「 親の家を片付ける 」
ミランダ(ペンネーム)
近所に住む義父母の家が汚い。汚いというか、物で溢れている。結婚して家を出た息子二人の部屋は、床一面、胸の高さまで物が積み上げられている。これ以上見て見ぬ振りはできないと片付けを手伝う事にした。
「ごめんなさいね、私もやろうと思っているのよ。」物がつかえて半分しか開かない戸の隙間から義母の声が聞こえる。大量の古新聞や雑誌、故障した電気機器、忘れ去られた衣類を処分しながら物の山を掘り進めていくと、ぱんぱんに膨らんだレジ袋があった。新聞広告らしき中身が透けて見える。レジ袋ごと捨てようとすると、「ダメ!それは捨てちゃダメ!」と義母が隙間から顔を出して叫んだ。下山して袋を義母に渡すと、「私のおばあちゃんが作ったの。広告で作った箱。
これ、果物を食べる時にすごい便利なのよ。」しみじみ言う。「こんなに沢山要る?ここにあっても使えないよ」と私が言うと、「でも台所にも置く場所ないの。

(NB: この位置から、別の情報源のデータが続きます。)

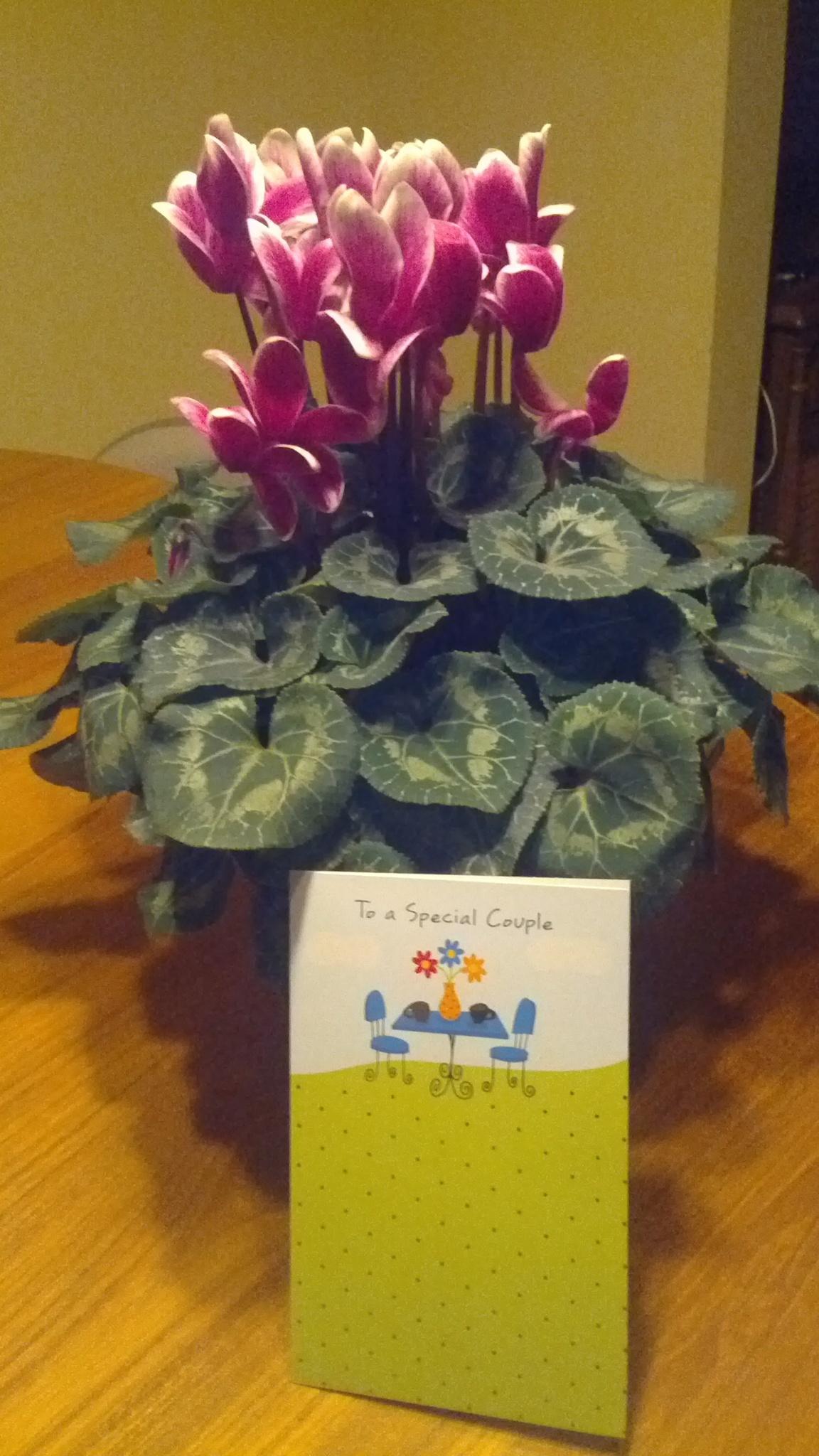 4年目の結婚記念日!!旦那さんからお花を、義理の両親からはカードを頂きました(^▽^)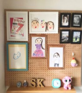 我が家では、壁に立てかけた有効ボードを子供の作品スペースにしています。「ここに飾るモノ以外は処分」というルールのおかげで、作品の管理が楽になりました。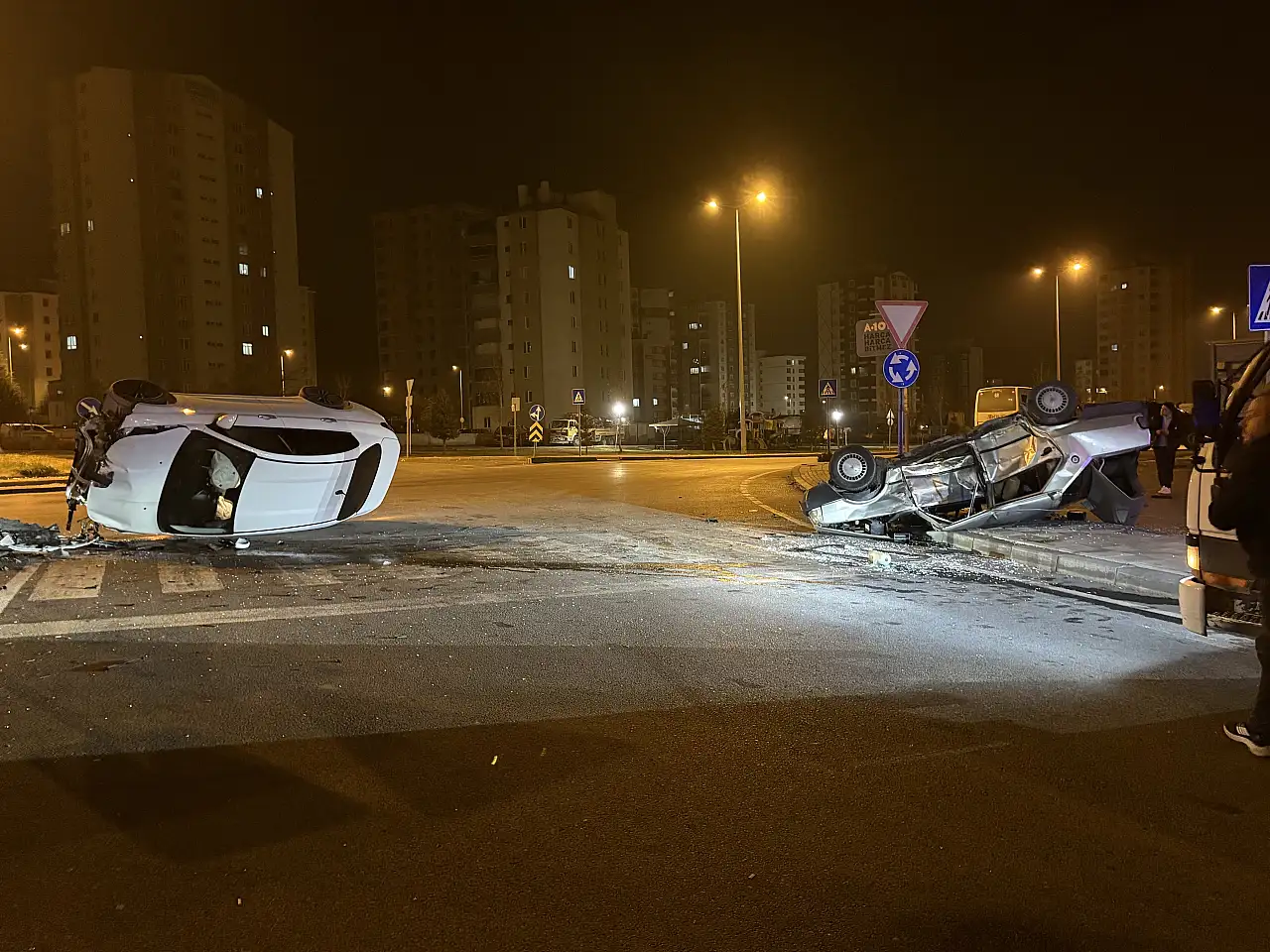 Kayseri'de kavşakta meydana gelen trafik kazasında, otomobillerden biri yan yatarken, diğeri de takla attı.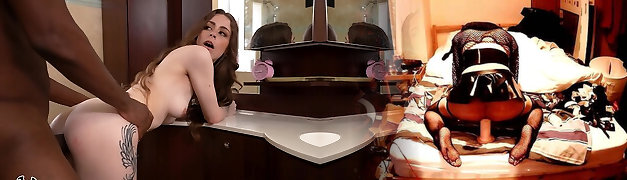 Mixed Race Ebony-Asian Cracker Babe Gold Bounces On Immense White Cock

その辺に取っておくわ」と言って義母はレジ袋を山の奥の方にぽーんと投げた。
気を取り直して。物の上に登り、奥のクローゼットに手を伸ばすと、引き出物と書かれた箱があった。中身は白い布と「お仕立券」と書かれたカード。某デパートでオーダーメイドのワイシャツが作れる、ということだったらしいが、かなり古い。「これ、処分してもいい?」と義母に尋ねると、「あ、これ、懐かしい~!こんなの知らないでしょう!これでシャツが作れるのよ。期限が切れていても、追加でお金を出すとまだ仕立ててくれるって。前に電話で聞いたの、まだ出来ますかって。」と少しはしゃいだ調子で答えるのだが、お仕立券の期限は昭和46年となっている。所々に黄色いシミができ経年劣化しているこの布で、一体誰のワイシャツをお仕立てするつもりなのか聞いてみたかったけれど、嬉しそうな義母を悲しませたくなかったから言わなかった。ゴミだけ捨てて引き出物はクローゼットに戻した。
流行っているらしいが、親の家を片付けるのはとても難しい。